Он и сообразить не успел - девушка прикрутила фитиль. В ночи бледное лицо ее само засветилось жемчужным слабым отблеском.
   - Да что такое?
- Они идут, - прошептала Иринка.
- Кто идет?
Не ответив, Иринка вскочила и подбежала к окну. Стала шарить на раме, отыскивая шпингалет.
- Может, ты бы в дверь все-таки...там крапива...
Она сердито оглянулась, сделала знак - мол, подойди.
- Становись. Слушай.
Стефан, недоумевая, все же подошел - и тут услышал тоже. Для этого правда надо было прижаться к стеклу ладонями, грудью - и тогда стало ощутимо, как оно мелко внутри себя самого дрожит. Буря идет, гроза, ураган, он ещё не здесь, только стекло заранее ловит дрожь, вот почему там снаружи так темно...
- Открывай окно, - прошептала Иринка.
- Зачем?
- Открывай! Или ты не понял? Это он!
- Кто?
- От ты все же дурак, - прошипела Иринка, и ещё знаком показала - мол, все смешалось в голове у тебя. - Это мои бывшие идут... это Войско, это Капитан!
И сама, наконец, дернула задвижку и подняла раму. Холодом и близкой грозой пахнуло оттуда. А ещё - сухой пылью и деревом, как пахло там, над его собственной бездной. Да. Это она, пожалуй, верно почуяла. Зинэ идут. И что? Бог ты мой, это не девушка, это точно буря, смерч и градобой какой-то!
- Стой. Стой. Ты куда? Ты что? Ты...к ним вернуться хочешь?
Она как раз снимала обувь - так с полуснятой туфлей и замерла.

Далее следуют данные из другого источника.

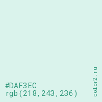 Цвет #DAF3EC в цветовой модели RGB обозначается тремя октетами (218, 243, 236) в десятичном формате и #DAF3EC в шестнадцатиричном (hex) формате, которые являются интенсивностью красного 218 (hex DA), интенсивность зелёного 243 (hex F3) и интенсивность синего 236 (hex EC).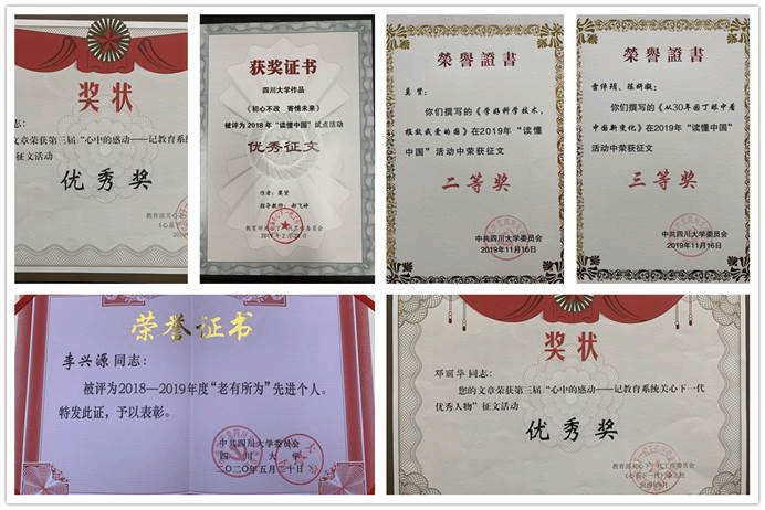 李兴源和张述芳两位老师荣获四川大学2018-2019年度“老有所为”先进个人奖,郝飞婷老师指导、莫贤同学完成的作品《初心不改 寄情未来》被评为2018年教育部“读懂中国”试点活动优秀征文,莫贤同学撰写的《学好科学技术,报效我爱的国》在四川大学2019年“读懂中国”活动中荣获征文二等奖,雷倬玥、陈妍凝同学撰写的《从30年园丁眼中看中国新变化》在四川大学2019年“读懂中国”活动中荣获征文三等奖,邓丽华老师、黄施瑞同学的文章荣获《心系下一代》杂志社第三届“心中的感动——记教育系统关心下一代优秀人物”征文活动优秀奖。
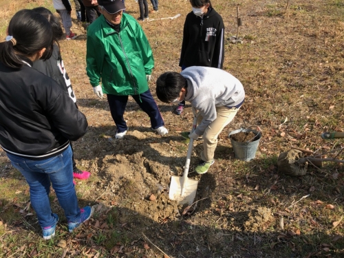 しろやま倶楽部の方々と一緒に植樹をしました。

- Нельзя к ним вернуться. Нет. Но он же тут все... разнесет.
- Из-за тебя?
- Из-за себя, потому что все они такие. Слишком... большие, ты что, не понял? Я-то ему что? Он просто решил... станцевать. Но здесь, где я - он танцевать не будет. Все. Давай.
И она обернулась к нему спиной, лицом к непроглядной ночи. В конце концов, это просто гроза... Нет, нет, это же зинэ - разорвут, выпьют душу! И ещё - один не взлетает, а двое могут натянуть струну.
- Погоди, Иринка. Я с тобой.
Она, уже одной босою ногой в воздухе делая шаг, оглянулась. Стефану показалось, что у нее у самой лицо, как у зинэ, и глаза горят по-совиному. Но рука была живая, теплая на удивление. И пугаться было некогда.
Они побежали, круто забирая вверх, обжигая ступни о холодный воздух.
На этом пути нельзя было говорить и даже думать. Добежали и остановились, увидели - место сумеречно, облачно и пустынно. И посреди пустыни - или на краю ее - высокий человек в черной одежде с длинными разевающимися рукавами. Широкий пояс завязан в причудливые узлы, и три косы спадают почти до пояса.
- О, Целитель, - выдохнул Стефан.
- Кто это? Кто ещё здесь?
- Да это... потом как-нибудь объясню. Если будет время.
- Но ты его знаешь?
- Здравствуй, Стефан, механик, - сказал Сотори. Он придвинулся и сразу оказался рядом. - Я рад тебя видеть и рад, что ты пришел. И привел с собой... друга?
- Друга... Да! Но это она меня привела. Я не думал, что увижу тебя ещё раз... снова. Где это мы? И как ты-то сюда попал?
- Я вышел из дому, - очень серьезно отвечал Сотори. - Мне показалось, что я слышу гром. Но обычно грозы собираются ниже. Вот я и пошел посмотреть...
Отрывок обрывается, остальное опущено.